Puns
What does Mickey's wife drive?
A Minnie-Van!
Your mama so old, her first Christmas was the first Christmas!
A guy was annoyed in a store. I walk up to him and said, "What's wrong, buddy? Don't worry, it's not like you're on an abandoned isle!"
What's the difference between 5 cocks and a joke? I can't take a joke.
What do you call a broken chicken?
A broken chicken.
A boy walks into some woods with a phone, and his friend comes by and asks, "What are you doing?"
He pauses, then says, "Trying some bird calls!"
Today is a gift. That’s why we call it the present.
Have you heard the gossip about the butter? Oh, I guess I better not spread it.
I wondered why the pitcher hadn’t pitched the ball yet.
Then it hit me.
The wedding was so emotional, even the cake was in tiers.
Hey, math:
I’m really tired of trying to find your X. Accept that she’s gone, and solve your own problems, dude!

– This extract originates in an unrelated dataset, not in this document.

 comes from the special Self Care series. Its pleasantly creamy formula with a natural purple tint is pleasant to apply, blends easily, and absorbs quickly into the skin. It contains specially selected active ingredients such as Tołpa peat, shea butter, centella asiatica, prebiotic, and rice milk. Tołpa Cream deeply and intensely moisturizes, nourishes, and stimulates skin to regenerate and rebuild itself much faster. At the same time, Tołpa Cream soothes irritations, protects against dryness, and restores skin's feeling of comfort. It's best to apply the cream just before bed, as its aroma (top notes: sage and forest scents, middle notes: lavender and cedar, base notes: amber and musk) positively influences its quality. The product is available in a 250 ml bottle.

How do inmates keep in touch?
They have cell phones.
In our history class we were on our China unit and learning a little about gunpowder.

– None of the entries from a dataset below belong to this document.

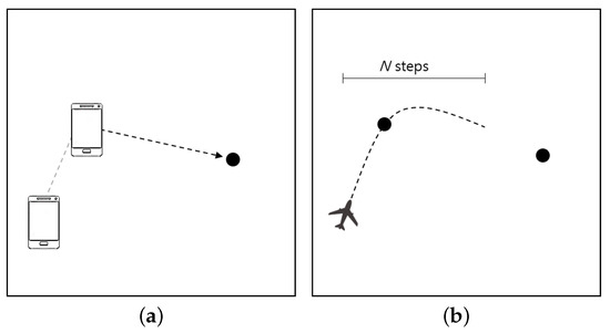 In order to avoid overlapped searches, we apply the trajectory-prediction scheme. Figure 2b is an example of predicting the trajectory for N time steps. The black points present destinations and the dotted line means predicted trajectory. As shown in Figure 2b, a UAV manages two destinations, the current and the next ones, because the predicting trajectory for N time steps can be passed over the current destination.
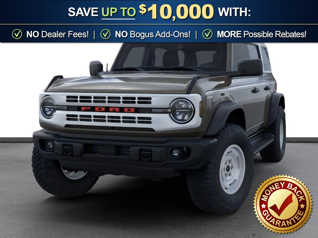 Marsh Gray 2026 Ford Bronco Heritage Edition NFT 4WD 10-Speed Automatic 2.7L EcoBoost V6 4-Wheel Disc Brakes, 7 Speakers, ABS brakes, Air Conditioning, Alloy wheels, AM/FM radio: SiriusXM with 360L, AM/FM Stereo, Auto High-beam Headlights, Auto-dimming Rear-View mirror, Automatic temperature control, Brake assist, Compass, Connected Navigation, Convertible HardTop, Convertible roof lining, Delay-off headlights, Driver door bin, Driver vanity mirror, Dual front impact airbags, Dual front side impact airbags, Electronic Stability Control, Emergency communication system: 911 Assist, Exterior Parking Camera Rear, Ford Connectivity Package (1-Year Included), Front anti-roll bar, Front Bucket Seats, Front Center Armrest, Front dual zone A/C, Front fog lights, Front License Plate Bracket, Front reading lights, Front wheel independent suspension, Fully automatic headlights, Glass rear window, Heated door mirrors, Heated front seats, Heated steering wheel, Illuminated entry, Integrated roll-over protection, Low tire pressure warning, Navigation system: Connected Navigation, Occupant sensing airbag, Outside temperature display, Overhead airbag, Overhead console, Panic alarm, Passenger door bin, Passenger vanity mirror, Plaid Cloth Front Heated Bucket Seats, Power door mirrors, Power steering, Power windows, Radio data system, Rear window defroster, Rear window wiper, Remote keyless entry, Security system, SiriusXM with 360L, Speed control, Split folding rear seat, Steering wheel mounted audio controls, SYNC 4, Tachometer, Telescoping steering wheel, Tilt steering wheel, Traction control, Trip computer, Variably intermittent wipers, Wheels: 17" Unique White.
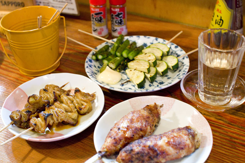 Balance your meal with excellent grilled zucchini, asparagus and other vegetables, or with the seasonal vegetable plate served bagna cauda style. The motsu nikomi (organ-meat stew) is also quite hearty and satisfying, and goes very well with the more assertive sakes on the list. The setting is a very unpretentious izakaya-style pub, built around a long counter with a few small tables in back. Budget around Y2000-2500 for food and drink.
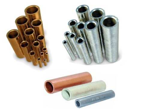 - Для прессовки используются специальные гильзы. Эти гильзы могут быть алюминиевыми, медными или латунными. Первые, соответственно, используются для алюминиевых проводов, вторые для медных, а третьи — для соединения и медных, и алюминиевых проводов.
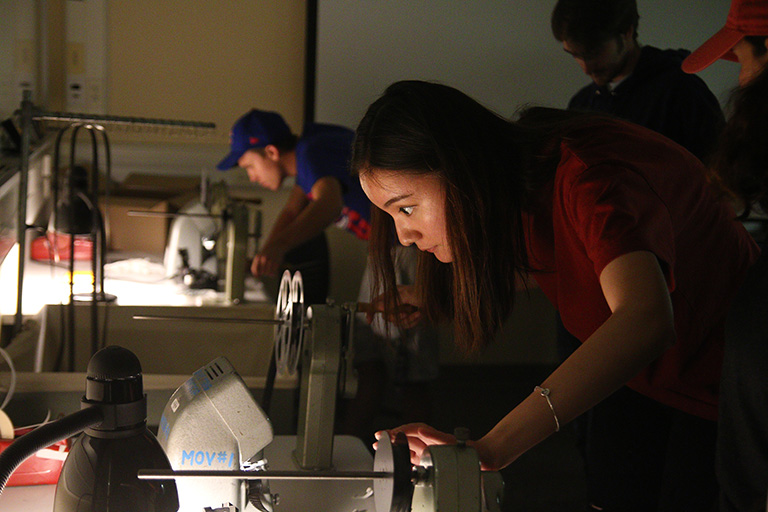 The Media School offers courses where students can learn to shoot on 8mm or 16mm film. Students then develop the film by engaging in the creative process of cutting, splicing, and manipulating it.
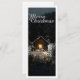 The card shows an atmospheric, wintry scene with a small, illuminated wooden hut in the middle of a snow-covered forest. The warm light source inside creates a beautiful contrast to the dark, peaceful surroundings. The elegant "Merry Christmas" lettering in white gives the motif a festive touch. 🎄✨
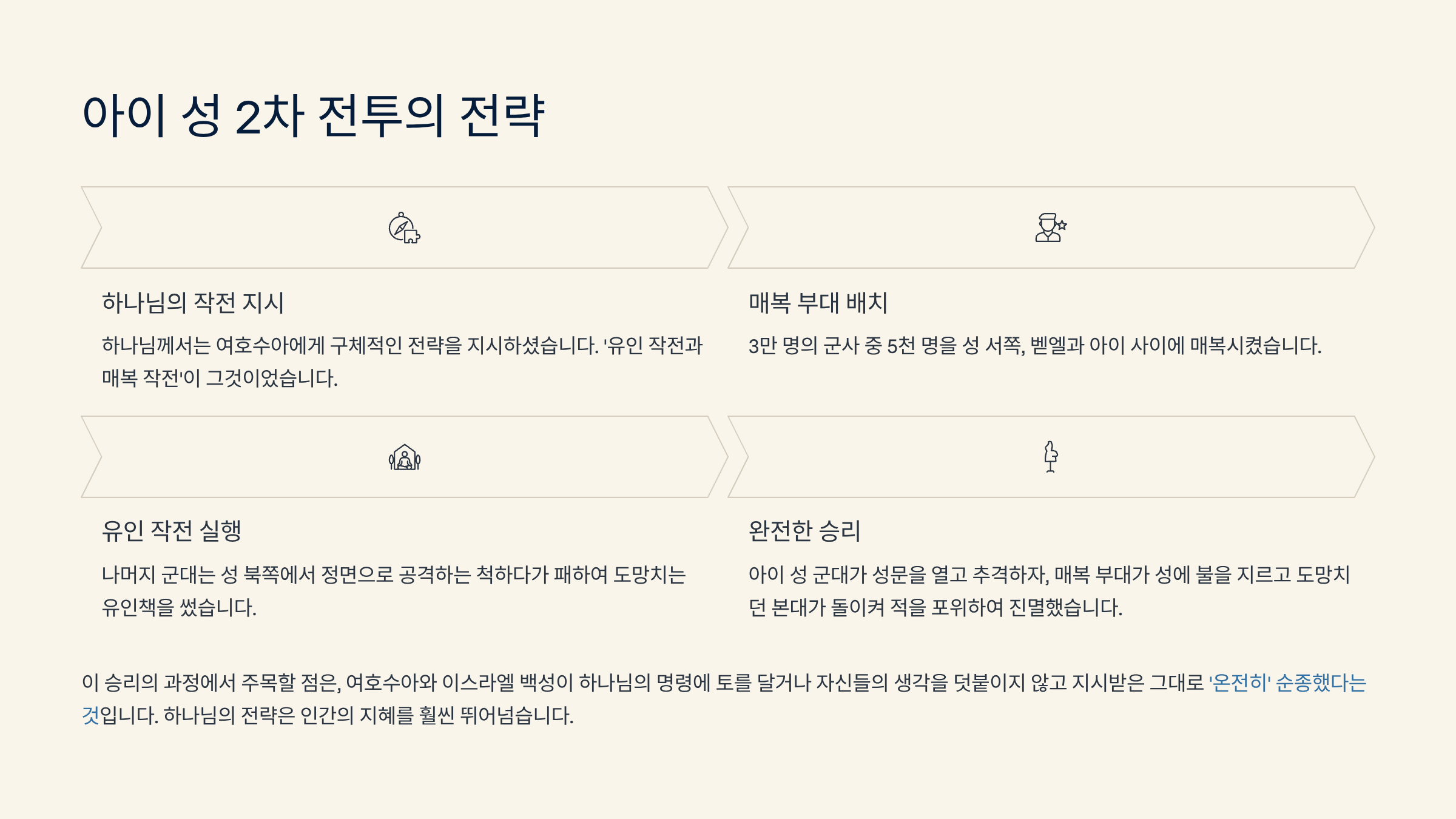아이 성과의 1차 전투에서 이스라엘은 하나님께 묻지 않고 인간적인 판단으로 소수의 병력만 보냈다가 그만 패배하고 말았다. 그러나 이스라엘이 성경을 회복하자, 하나님께서 다시 나타나셔서 여호수아를 격려하신 후에 아이 성의 2차 전투에서 승리할 수 있는 방법을 구체적으로 지시해주신다. 그라저 이스라엘은 하나님의 구체적인 작전 지시를 받고 그대로 순종하게 된다. 이때 하나님께서 지시하신 전략은 바로 ‘유인 작전과 매복 작전’이었다.

And I said "WOAH THAT'S LIT!"
One day I had the munchies, so I ate a clock. It was very... time consuming.
My name is Gunter.
Gunter Gunter is dead.
Gunter Gunter stuffed my cat's head. ;D
If you ever get cold, just stand in a corner. There's usually 90 degrees.
Sup?
What do you call a bunch of llamas?
Alpaca llama.
Why do tables never need wheelchairs?
Because even without the ‘t’ they are still able.